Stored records
=== Section Start ===
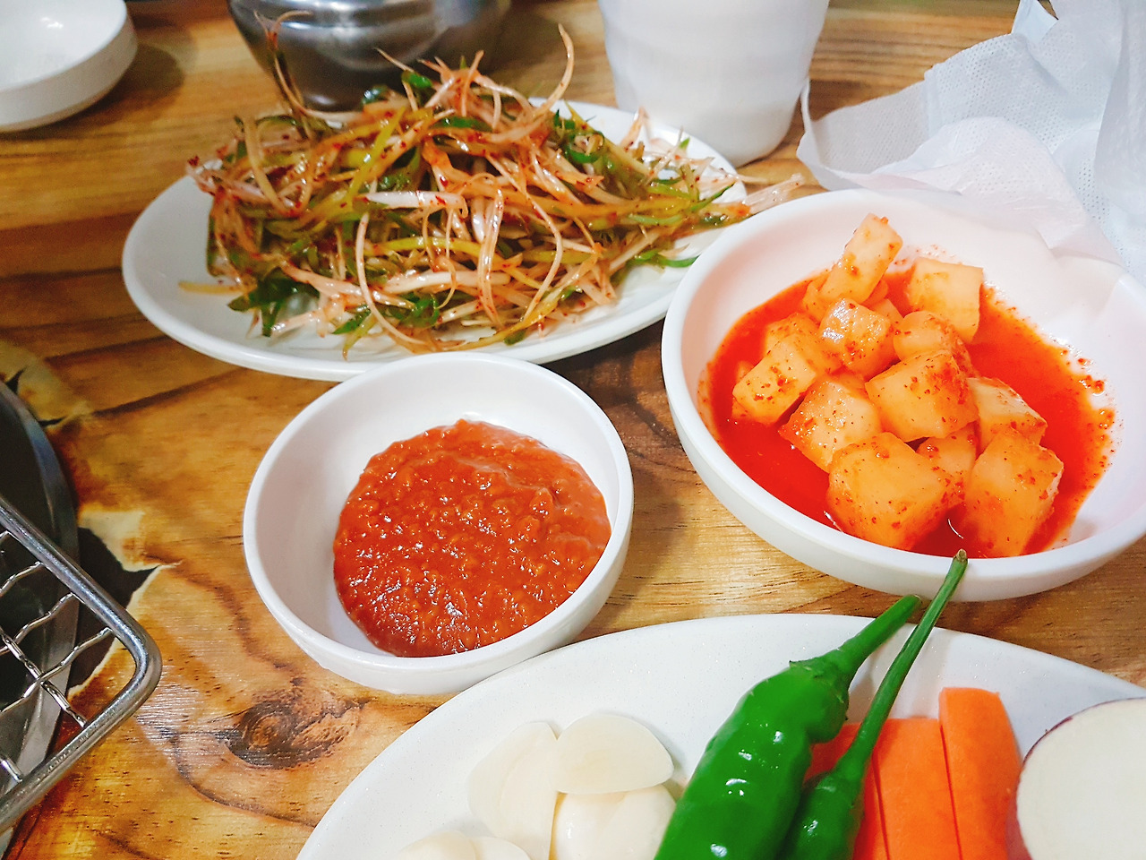 된장찌게를 못찍어 아숩다. 공기밥에 목고기에 된장찌게 배불리 먹었다.
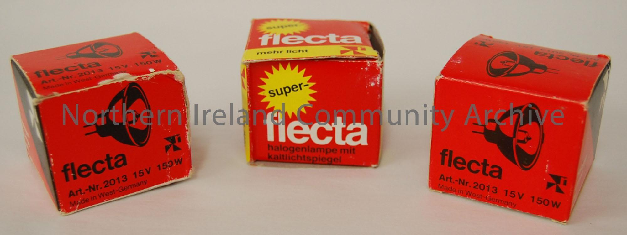 Three Flecta Halogen lamps. 15V, 150W in original red boxes
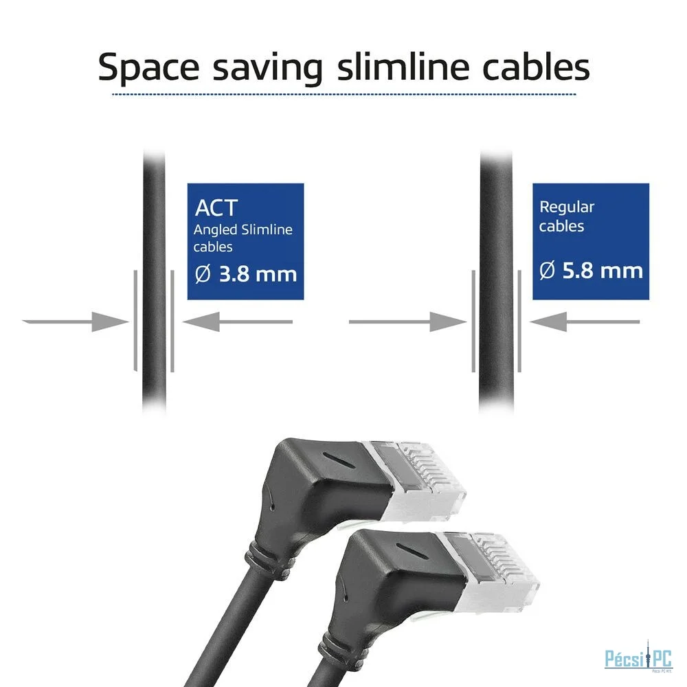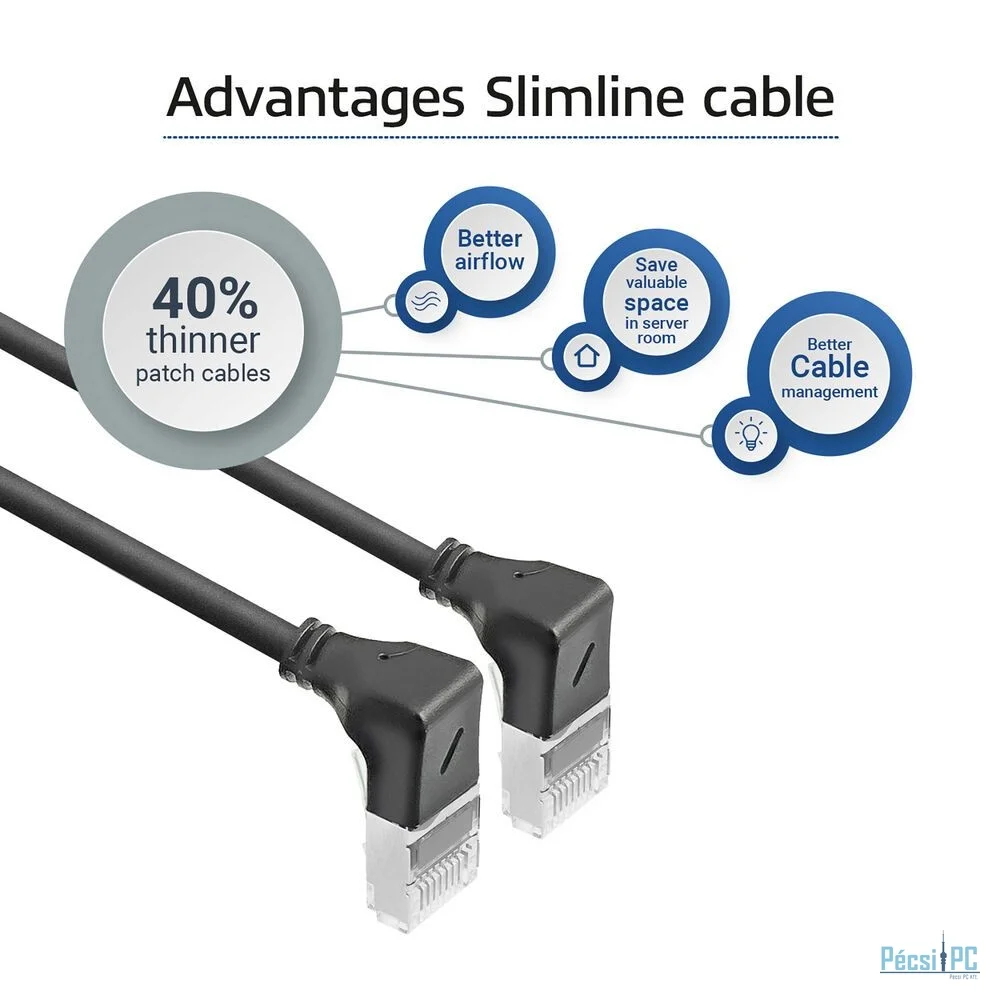 A patch kábel egyenes RJ45 csatlakozóval és egy 90°-ban lefelé hajlított RJ45 csatlakozóval rendelkezik. Ideális olyan helyekre, ahol korlátozott a hely, de a hajlítási sugár nem lehet kompromisszum. Például hálózati szekrényekben és berendezések mögött.
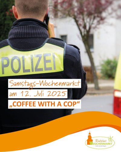 „Coffee with a cop“ auf dem Samstags-Wochenmarkt am 12. Juli 2025
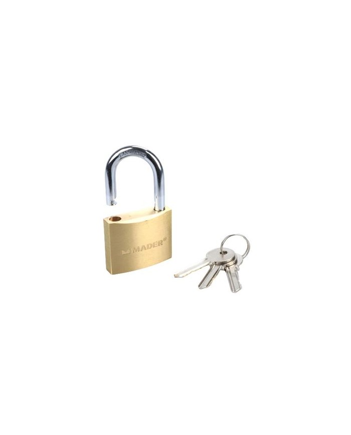 Candado con llave de doble cierre automtico. Incluye 3 llaves para tener un recambio. Est compuesta por un asa de acero cromada y de un cuerpo de latn de color dorado
=== Section End ===
▶ **WHAT THE EXERCISE ASKS**
Could you reproduce the data above exactly, without its pictures?

▶ **OUTPUT**
 된장찌게를 못찍어 아숩다. 공기밥에 목고기에 된장찌게 배불리 먹었다.
 Three Flecta Halogen lamps. 15V, 150W in original red boxes
 A patch kábel egyenes RJ45 csatlakozóval és egy 90°-ban lefelé hajlított RJ45 csatlakozóval rendelkezik. Ideális olyan helyekre, ahol korlátozott a hely, de a hajlítási sugár nem lehet kompromisszum. Például hálózati szekrényekben és berendezések mögött.
 „Coffee with a cop“ auf dem Samstags-Wochenmarkt am 12. Juli 2025
 Candado con llave de doble cierre automtico. Incluye 3 llaves para tener un recambio. Est compuesta por un asa de acero cromada y de un cuerpo de latn de color dorado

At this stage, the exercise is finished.